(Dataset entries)
--- START ---
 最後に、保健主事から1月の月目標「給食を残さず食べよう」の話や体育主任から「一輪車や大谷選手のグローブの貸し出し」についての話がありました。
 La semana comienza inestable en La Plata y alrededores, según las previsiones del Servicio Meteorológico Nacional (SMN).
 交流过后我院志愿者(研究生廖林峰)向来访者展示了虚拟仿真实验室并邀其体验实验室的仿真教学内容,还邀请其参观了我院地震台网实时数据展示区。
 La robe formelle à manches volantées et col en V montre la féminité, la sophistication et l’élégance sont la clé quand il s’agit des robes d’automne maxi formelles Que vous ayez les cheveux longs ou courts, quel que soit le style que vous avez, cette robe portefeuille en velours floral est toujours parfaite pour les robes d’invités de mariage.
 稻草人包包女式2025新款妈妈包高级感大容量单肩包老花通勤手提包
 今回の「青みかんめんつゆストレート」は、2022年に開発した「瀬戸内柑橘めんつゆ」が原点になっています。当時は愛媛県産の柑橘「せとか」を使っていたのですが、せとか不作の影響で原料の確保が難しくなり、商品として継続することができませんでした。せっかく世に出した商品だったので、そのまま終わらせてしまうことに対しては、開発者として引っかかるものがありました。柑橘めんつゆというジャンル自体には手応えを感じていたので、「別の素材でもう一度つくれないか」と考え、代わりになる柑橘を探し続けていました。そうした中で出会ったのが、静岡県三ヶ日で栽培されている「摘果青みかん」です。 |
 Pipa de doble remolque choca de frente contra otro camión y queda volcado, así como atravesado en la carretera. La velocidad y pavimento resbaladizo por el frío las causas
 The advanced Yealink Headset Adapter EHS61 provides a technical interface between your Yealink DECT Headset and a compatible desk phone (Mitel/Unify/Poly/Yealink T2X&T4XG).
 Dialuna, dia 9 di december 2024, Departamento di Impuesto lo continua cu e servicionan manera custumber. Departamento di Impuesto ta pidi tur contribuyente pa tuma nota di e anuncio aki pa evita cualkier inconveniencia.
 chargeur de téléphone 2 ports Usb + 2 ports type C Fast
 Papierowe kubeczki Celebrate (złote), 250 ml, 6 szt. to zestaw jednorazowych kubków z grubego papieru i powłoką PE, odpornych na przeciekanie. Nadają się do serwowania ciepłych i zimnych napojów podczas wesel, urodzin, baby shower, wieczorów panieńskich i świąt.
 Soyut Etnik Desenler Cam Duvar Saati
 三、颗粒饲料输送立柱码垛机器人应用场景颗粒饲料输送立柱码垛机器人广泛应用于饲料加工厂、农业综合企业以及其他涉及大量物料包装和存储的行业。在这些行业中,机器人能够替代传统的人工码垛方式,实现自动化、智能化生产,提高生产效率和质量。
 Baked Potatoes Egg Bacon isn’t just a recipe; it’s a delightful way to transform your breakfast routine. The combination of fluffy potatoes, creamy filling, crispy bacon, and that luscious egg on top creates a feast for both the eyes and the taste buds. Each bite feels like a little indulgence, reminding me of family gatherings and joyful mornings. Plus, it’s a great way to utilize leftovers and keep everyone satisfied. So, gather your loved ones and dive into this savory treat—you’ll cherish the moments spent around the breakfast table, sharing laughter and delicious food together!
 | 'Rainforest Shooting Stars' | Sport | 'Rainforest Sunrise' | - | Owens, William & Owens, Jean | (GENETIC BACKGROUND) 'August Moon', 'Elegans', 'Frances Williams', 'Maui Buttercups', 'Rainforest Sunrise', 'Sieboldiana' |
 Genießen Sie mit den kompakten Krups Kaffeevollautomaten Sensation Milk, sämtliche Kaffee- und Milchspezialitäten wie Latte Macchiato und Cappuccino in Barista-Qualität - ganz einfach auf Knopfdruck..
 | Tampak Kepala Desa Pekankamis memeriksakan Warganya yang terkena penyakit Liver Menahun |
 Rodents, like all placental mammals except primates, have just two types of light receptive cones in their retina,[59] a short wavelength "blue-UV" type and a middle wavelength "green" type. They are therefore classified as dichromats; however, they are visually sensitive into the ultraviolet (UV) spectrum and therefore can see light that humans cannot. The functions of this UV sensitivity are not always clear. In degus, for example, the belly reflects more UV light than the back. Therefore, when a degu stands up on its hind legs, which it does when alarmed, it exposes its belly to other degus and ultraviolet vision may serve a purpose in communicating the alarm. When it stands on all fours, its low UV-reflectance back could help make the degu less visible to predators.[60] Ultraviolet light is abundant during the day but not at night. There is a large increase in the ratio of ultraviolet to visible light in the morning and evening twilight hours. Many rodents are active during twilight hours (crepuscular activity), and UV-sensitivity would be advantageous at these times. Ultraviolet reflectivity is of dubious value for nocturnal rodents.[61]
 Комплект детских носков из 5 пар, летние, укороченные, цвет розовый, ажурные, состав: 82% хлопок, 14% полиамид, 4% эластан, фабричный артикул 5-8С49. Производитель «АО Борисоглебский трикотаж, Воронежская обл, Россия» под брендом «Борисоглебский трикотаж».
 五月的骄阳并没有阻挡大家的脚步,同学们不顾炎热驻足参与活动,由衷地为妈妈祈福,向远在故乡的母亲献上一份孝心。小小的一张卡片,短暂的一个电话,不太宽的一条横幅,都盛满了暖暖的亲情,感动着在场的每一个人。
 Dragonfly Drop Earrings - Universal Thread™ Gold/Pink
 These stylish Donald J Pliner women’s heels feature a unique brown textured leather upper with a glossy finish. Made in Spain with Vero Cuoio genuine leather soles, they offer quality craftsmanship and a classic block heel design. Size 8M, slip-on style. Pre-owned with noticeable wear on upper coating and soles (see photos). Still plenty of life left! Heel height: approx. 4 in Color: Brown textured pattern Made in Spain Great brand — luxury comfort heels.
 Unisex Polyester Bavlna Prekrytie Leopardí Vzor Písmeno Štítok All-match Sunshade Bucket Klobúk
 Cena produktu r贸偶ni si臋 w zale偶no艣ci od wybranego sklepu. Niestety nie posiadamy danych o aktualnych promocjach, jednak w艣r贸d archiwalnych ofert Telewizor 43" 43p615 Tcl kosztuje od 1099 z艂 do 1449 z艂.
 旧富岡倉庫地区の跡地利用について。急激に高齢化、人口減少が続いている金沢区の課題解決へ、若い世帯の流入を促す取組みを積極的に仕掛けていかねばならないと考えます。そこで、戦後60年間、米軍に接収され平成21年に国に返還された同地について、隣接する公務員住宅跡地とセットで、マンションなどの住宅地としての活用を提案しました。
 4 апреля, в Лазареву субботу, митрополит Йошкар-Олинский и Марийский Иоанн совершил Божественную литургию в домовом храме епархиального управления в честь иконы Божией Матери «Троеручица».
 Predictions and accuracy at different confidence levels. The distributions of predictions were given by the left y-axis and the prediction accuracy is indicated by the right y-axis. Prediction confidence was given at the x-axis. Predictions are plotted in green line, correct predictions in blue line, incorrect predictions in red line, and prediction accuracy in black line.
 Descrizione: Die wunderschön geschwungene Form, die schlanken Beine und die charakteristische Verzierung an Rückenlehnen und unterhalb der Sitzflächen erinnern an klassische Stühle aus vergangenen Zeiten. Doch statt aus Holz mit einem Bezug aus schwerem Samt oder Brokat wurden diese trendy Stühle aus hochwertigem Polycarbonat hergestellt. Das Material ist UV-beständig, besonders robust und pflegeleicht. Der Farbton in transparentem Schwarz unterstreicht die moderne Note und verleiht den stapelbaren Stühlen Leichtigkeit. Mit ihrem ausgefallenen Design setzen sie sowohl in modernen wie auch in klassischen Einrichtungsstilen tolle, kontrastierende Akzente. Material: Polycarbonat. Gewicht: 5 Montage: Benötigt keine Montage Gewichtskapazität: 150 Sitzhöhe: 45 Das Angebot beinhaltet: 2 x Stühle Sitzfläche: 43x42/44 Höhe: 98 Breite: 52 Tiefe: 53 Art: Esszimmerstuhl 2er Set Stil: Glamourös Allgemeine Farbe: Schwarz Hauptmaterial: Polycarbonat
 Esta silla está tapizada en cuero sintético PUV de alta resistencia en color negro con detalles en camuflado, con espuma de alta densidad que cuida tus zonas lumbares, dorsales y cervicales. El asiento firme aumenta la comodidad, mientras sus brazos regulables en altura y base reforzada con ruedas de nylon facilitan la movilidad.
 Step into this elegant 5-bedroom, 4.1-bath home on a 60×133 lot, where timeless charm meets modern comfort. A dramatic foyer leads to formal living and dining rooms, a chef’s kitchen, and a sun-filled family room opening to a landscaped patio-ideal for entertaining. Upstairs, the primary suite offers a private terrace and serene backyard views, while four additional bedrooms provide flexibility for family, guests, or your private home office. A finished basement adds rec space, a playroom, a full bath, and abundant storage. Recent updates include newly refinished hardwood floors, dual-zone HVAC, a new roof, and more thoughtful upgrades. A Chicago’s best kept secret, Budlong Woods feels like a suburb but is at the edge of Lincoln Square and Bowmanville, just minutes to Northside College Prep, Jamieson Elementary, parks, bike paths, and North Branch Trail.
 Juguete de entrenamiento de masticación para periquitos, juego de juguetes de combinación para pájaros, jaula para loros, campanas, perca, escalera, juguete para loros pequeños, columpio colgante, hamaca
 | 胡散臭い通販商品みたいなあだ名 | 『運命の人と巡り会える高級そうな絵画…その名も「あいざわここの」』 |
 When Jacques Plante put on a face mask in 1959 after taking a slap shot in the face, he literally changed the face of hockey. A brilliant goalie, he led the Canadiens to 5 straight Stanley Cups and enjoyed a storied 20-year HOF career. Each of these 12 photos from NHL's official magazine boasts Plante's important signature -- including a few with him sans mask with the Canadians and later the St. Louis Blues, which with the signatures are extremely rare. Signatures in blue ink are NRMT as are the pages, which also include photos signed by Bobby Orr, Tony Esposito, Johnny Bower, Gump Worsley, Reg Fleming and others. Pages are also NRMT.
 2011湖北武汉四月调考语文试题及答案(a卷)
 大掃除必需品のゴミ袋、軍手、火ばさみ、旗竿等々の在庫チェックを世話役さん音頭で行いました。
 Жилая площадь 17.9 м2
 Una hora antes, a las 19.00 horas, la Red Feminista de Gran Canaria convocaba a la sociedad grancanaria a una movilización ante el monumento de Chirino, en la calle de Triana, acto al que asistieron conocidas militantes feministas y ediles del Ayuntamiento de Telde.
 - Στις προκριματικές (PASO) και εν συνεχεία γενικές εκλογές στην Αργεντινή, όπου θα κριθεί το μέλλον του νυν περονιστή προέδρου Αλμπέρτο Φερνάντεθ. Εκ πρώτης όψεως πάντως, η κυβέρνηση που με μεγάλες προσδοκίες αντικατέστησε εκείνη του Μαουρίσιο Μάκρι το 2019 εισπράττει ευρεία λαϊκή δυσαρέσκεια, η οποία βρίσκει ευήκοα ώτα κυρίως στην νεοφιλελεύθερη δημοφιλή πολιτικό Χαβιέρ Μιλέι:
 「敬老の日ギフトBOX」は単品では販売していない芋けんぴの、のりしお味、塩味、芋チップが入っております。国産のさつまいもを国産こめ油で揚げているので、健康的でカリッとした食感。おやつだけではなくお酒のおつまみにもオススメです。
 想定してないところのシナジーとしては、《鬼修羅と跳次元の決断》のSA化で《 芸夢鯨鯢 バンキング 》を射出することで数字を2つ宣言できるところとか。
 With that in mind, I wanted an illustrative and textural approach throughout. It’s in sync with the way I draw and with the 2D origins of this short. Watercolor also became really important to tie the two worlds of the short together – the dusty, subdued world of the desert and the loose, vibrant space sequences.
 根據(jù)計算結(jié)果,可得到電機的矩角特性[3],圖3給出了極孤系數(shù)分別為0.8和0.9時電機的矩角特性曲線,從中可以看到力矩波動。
--- END ---
- **REQUIRED WORK**:
From the entries above, write out only the lines starting at the line that holds "大掃除必需品のゴミ袋、軍手、" and ending at the line that holds "想定してないところのシナジーとしては、《鬼修羅と跳次元の決断》のSA化で《 芸夢鯨鯢 バンキング", keeping both and matching them exactly.

- **TASK ANSWER**:
 大掃除必需品のゴミ袋、軍手、火ばさみ、旗竿等々の在庫チェックを世話役さん音頭で行いました。
 Жилая площадь 17.9 м2
 Una hora antes, a las 19.00 horas, la Red Feminista de Gran Canaria convocaba a la sociedad grancanaria a una movilización ante el monumento de Chirino, en la calle de Triana, acto al que asistieron conocidas militantes feministas y ediles del Ayuntamiento de Telde.
 - Στις προκριματικές (PASO) και εν συνεχεία γενικές εκλογές στην Αργεντινή, όπου θα κριθεί το μέλλον του νυν περονιστή προέδρου Αλμπέρτο Φερνάντεθ. Εκ πρώτης όψεως πάντως, η κυβέρνηση που με μεγάλες προσδοκίες αντικατέστησε εκείνη του Μαουρίσιο Μάκρι το 2019 εισπράττει ευρεία λαϊκή δυσαρέσκεια, η οποία βρίσκει ευήκοα ώτα κυρίως στην νεοφιλελεύθερη δημοφιλή πολιτικό Χαβιέρ Μιλέι:
 「敬老の日ギフトBOX」は単品では販売していない芋けんぴの、のりしお味、塩味、芋チップが入っております。国産のさつまいもを国産こめ油で揚げているので、健康的でカリッとした食感。おやつだけではなくお酒のおつまみにもオススメです。
 想定してないところのシナジーとしては、《鬼修羅と跳次元の決断》のSA化で《 芸夢鯨鯢 バンキング 》を射出することで数字を2つ宣言できるところとか。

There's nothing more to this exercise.